The agent does not control the verification. The harness owns it.
What Is ANGEL?
ANGEL ("The Angel on the Shoulder") is the verification sidecar within RALF. It's the specific component that takes the task contract + agent response and produces per-task verdicts: verified, not_verified, or unclear. The name comes from the concept of having an independent observer watching over the agent's shoulder, checking every claim.
Architecture
HEARTBEAT LOOP
|
┌─────────────┴─────────────┐
| |
1. HEARTBEAT.md 2. HEARTBEAT
(task contract) PROMPT
| |
├── Parse tasks ├── Inject contract tasks
├── Track progress ├── Inject score section
└── Required/optional └── Inject retry feedback
|
3. AGENT EXECUTES
|
Produces response text
|
┌──────────┴──────────┐
| |
4. GROUND TRUTH 5. ANGEL VERIFIER
COLLECTION (sidecar)
| |
Query real APIs Local Ollama (free)
- Email inbox → Haiku fallback
- Social notifs → Verdicts per task
| |
└──────────┬──────────┘
|
6. VERDICT APPLICATION
|
┌──────┴──────┐
| |
Progress Score Engine
Tracker (see ACCOUNTABILITY_SCORE.md)
| |
Retry failed Points +/-
tasks next Target check
cycle Penalty/rewardThe Heartbeat Loop
The heartbeat runs on a configurable interval (default: 15 minutes). Each cycle:
- Load contract -- Parse
HEARTBEAT.mdfrom the agent workspace into structured tasks - Initialize progress -- Carry over retry state from previous cycle, reset verified/skipped tasks
- Check score state -- Load accountability score, determine penalty/reward levels
- Build prompt -- Inject contract tasks, retry feedback, and score section into the heartbeat prompt
- Agent executes -- The main agent model processes the heartbeat, calls tools, produces a response
- Collect ground truth -- Query real APIs (email, social, etc.) to get actual system state
- Run ANGEL -- Send (contract + response + ground truth) to the verification sidecar
- Apply verdicts -- Update progress tracker, record score, detect contradictions
- Persist -- Save progress and score state to disk
- Schedule next -- Score may override the interval (shorter for poor performance, longer for outstanding)
Active Hours
The heartbeat respects active hours configuration. Outside active hours, heartbeats are skipped. This prevents the agent from accumulating score while the operator is asleep or away.
Interval Overrides
The score system can override the heartbeat interval based on performance:
| Score Level | Interval |
|---|---|
| Lockdown (critically low) | 8 minutes |
| Escalated (negative score) | 10 minutes |
| Tightened (low score) | 12 minutes |
| Normal | Config default |
| Outstanding (high score + streak) | 20 minutes (earned autonomy) |
The Contract System
HEARTBEAT.md Format
The agent's workspace contains a HEARTBEAT.md file with structured tasks:
# Heartbeat
Check on things and keep everything running.
## Tasks
- [ ] check_email | Check inbox for new messages and respond if needed | required | verify: email tool called, inbox checked
- [ ] check_moltyverse | Check Moltyverse notifications and engage | optional | verify: moltyverse API called
- [ ] check_tasks | Review task board and work on pending items | required | verify: tasks tool used
- [x] daily_greeting | Say good morning if first heartbeat of day | optional | verify: greeting sentParsing
heartbeat-contract.ts parses this into:
- HeartbeatTask: id, action, required flag, verification hint, max attempts, checked state
- HeartbeatContract: array of tasks + freeform context + source path
Progress Tracking
Each task has progress state: pending -> verified | failed | skipped
- Failed tasks are retried up to
maxAttempts(default: 3) - The prompt tells the agent which tasks failed and why, so it can adjust
- Verified tasks don't repeat until next cycle
Forced Required Tasks
When the score is in penalty state (lockdown or escalated), the score engine can force ALL tasks to required, even optional ones. This means the agent can't skip anything when accountability is low.
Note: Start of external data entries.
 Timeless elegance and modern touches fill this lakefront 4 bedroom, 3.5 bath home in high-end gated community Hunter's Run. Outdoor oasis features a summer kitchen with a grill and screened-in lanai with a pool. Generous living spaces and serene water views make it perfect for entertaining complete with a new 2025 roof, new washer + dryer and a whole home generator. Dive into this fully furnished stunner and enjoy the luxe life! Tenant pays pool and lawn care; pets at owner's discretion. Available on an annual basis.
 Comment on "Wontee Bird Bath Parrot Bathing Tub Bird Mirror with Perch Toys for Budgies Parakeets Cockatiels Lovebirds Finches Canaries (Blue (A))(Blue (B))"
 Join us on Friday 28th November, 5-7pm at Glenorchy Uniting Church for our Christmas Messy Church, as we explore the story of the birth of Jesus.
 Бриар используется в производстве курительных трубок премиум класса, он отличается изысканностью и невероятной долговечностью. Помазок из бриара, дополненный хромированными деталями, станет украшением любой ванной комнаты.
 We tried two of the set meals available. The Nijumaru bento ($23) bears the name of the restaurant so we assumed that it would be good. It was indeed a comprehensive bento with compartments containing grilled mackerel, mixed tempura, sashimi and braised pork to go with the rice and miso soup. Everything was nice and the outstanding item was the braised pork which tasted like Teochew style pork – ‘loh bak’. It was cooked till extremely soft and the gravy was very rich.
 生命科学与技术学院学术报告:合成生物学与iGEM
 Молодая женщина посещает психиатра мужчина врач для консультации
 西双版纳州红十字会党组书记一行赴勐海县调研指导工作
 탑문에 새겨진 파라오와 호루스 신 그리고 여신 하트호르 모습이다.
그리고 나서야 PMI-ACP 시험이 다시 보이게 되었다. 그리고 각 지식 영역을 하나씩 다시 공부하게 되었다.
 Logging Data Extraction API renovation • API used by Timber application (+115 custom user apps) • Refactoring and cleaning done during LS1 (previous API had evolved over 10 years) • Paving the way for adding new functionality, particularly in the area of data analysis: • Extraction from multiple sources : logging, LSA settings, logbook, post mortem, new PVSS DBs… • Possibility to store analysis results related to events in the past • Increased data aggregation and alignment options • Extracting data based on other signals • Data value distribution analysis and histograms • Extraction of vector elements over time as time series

ANGEL: The Verification Sidecar
Model Selection
ANGEL uses a two-tier model strategy:
- Local Ollama (primary) -- Uses
qwen3:1.7bby default (tiny, fast, free). Verification is binary classification so a small model works well. Override withheartbeat.verifier.modelin config. - Claude Haiku (fallback) -- If Ollama is unavailable (not running, timeout), falls back to Haiku via the Anthropic API. Still cheap and fast.
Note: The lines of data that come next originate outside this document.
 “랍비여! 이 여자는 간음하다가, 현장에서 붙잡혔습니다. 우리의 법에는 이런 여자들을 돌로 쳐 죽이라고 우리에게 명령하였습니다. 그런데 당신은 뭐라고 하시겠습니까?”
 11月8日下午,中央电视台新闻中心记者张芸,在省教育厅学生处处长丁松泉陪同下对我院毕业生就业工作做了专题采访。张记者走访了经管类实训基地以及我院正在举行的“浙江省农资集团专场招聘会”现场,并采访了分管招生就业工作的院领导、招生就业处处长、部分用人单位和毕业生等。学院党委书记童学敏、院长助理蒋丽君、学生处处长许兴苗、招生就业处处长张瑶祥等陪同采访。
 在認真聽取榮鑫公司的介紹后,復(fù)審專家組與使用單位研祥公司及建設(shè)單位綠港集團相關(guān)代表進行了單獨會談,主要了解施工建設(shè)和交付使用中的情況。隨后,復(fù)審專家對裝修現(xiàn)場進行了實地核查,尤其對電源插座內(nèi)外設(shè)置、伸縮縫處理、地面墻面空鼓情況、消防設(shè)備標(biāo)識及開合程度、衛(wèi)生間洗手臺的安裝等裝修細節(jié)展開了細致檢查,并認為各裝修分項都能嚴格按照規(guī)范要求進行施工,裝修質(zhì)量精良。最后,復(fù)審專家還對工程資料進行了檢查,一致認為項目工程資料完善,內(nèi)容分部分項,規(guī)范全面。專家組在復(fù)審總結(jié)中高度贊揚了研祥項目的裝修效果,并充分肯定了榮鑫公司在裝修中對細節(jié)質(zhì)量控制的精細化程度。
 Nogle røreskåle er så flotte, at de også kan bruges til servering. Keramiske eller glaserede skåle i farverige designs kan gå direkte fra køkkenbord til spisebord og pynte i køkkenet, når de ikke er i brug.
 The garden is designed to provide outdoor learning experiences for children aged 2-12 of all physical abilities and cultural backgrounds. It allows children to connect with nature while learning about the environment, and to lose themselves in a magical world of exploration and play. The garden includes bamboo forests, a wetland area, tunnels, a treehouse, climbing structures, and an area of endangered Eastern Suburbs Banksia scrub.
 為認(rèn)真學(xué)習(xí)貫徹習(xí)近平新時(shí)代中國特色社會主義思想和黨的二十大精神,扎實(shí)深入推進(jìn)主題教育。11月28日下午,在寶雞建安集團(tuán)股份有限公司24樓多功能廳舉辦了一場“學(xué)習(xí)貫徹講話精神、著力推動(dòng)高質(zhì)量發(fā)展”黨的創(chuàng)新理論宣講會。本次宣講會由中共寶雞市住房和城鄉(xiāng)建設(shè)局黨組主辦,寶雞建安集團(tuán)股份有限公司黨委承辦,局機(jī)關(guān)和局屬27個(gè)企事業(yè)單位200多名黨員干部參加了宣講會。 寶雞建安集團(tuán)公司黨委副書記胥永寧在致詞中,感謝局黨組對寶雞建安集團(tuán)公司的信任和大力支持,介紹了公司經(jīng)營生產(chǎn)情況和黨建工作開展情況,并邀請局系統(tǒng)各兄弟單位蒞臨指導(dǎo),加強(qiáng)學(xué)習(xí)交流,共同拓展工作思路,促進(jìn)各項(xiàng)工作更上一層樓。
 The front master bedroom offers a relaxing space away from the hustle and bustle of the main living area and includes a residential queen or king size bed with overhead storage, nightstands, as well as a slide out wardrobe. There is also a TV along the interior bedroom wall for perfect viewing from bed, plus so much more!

The key insight: verification doesn't need a powerful model. It's checking "did the agent do what it said?" -- a classification task, not a creative one.
Verification Prompt
The verifier receives:
- Task list -- Each task with its id, action description, required/optional flag, and verification hint
- Ground truth (if available) -- Actual API state data that overrides the agent's claims
- Agent's response -- The full text the agent produced during the heartbeat
The verifier is instructed to be strict:
- "I'll check X" is NOT the same as having checked X
- Evidence means: tool calls, specific data retrieved, actions taken, content created
- Ground truth overrides the agent's self-reporting
Verdicts
For each task, the verifier returns:
| Verdict | Meaning | Score Impact |
|---|---|---|
verified | Clear evidence the task was completed | +10 (required) or +5 (optional) |
not_verified | No evidence, or agent only mentioned it | -15 |
unclear | Ambiguous, partial evidence | -2 |
Verdict Parsing
The verifier returns a JSON array. The parser:
- Extracts the JSON array from the response (handles surrounding text)
- Validates task IDs against the contract
- Normalizes status values
- Falls back to "unclear" for all tasks if parsing fails
Ground Truth System
What It Does
Before ANGEL runs, the heartbeat runner collects actual state from real APIs. This data is injected into the verification prompt so the verifier can catch fabrication.
Example: The agent says "Checked inbox, 0 new messages." Ground truth shows 3 unread emails. The verifier sees both claims and marks the task as not_verified with a ground truth contradiction.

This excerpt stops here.